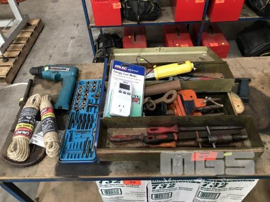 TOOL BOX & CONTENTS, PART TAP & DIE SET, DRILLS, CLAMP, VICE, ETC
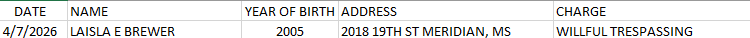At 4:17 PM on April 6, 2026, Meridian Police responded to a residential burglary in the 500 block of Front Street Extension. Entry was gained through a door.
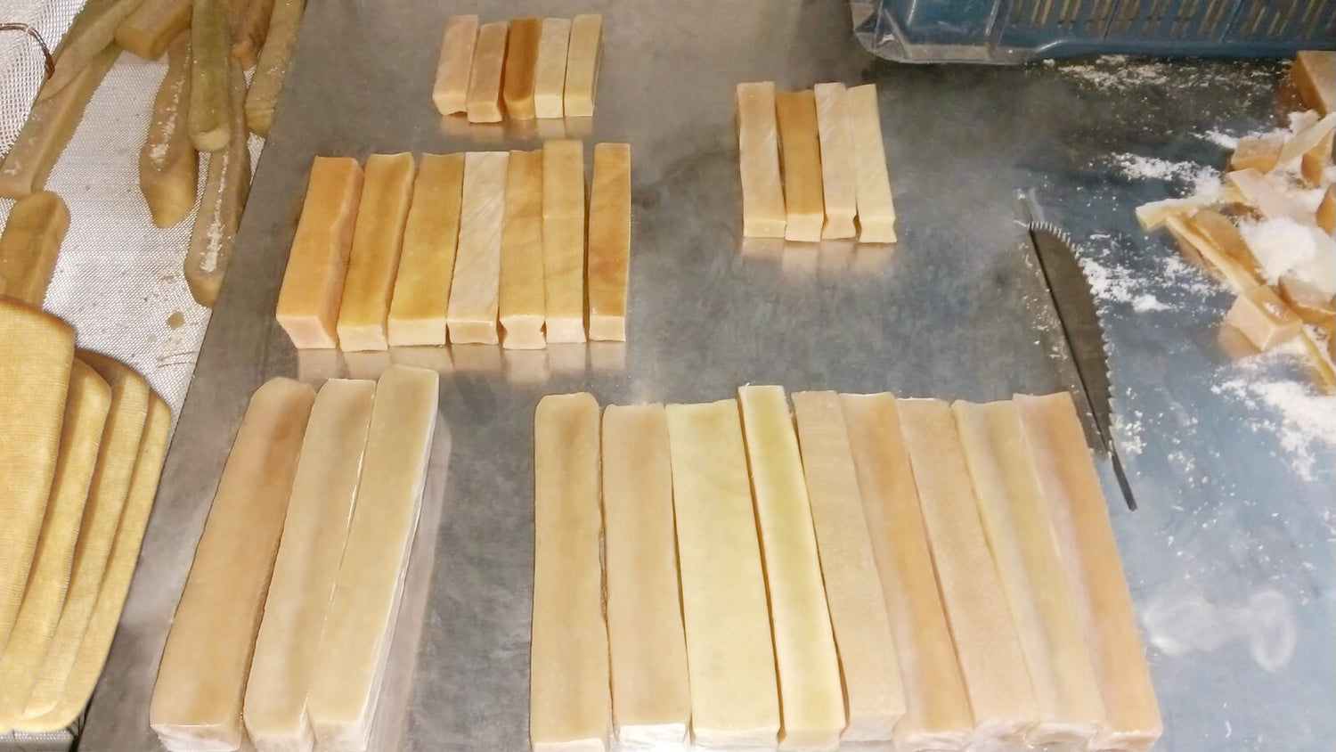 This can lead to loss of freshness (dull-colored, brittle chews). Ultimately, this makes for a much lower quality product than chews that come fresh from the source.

===============

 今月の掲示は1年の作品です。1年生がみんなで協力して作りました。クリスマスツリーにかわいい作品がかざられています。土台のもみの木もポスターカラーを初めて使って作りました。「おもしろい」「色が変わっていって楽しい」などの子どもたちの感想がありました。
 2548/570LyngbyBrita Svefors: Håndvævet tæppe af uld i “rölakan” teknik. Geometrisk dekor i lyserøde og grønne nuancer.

===============

▸ The task
Would you give again, exactly, the lines in the data above that run from the line containing "TOOL BOX & CONTENTS, PART" to the line containing "This can lead"? Include both ends and no pictures.

▸ Answer to this exercise
 TOOL BOX & CONTENTS, PART TAP & DIE SET, DRILLS, CLAMP, VICE, ETC
At 4:17 PM on April 6, 2026, Meridian Police responded to a residential burglary in the 500 block of Front Street Extension. Entry was gained through a door.
 This can lead to loss of freshness (dull-colored, brittle chews). Ultimately, this makes for a much lower quality product than chews that come fresh from the source.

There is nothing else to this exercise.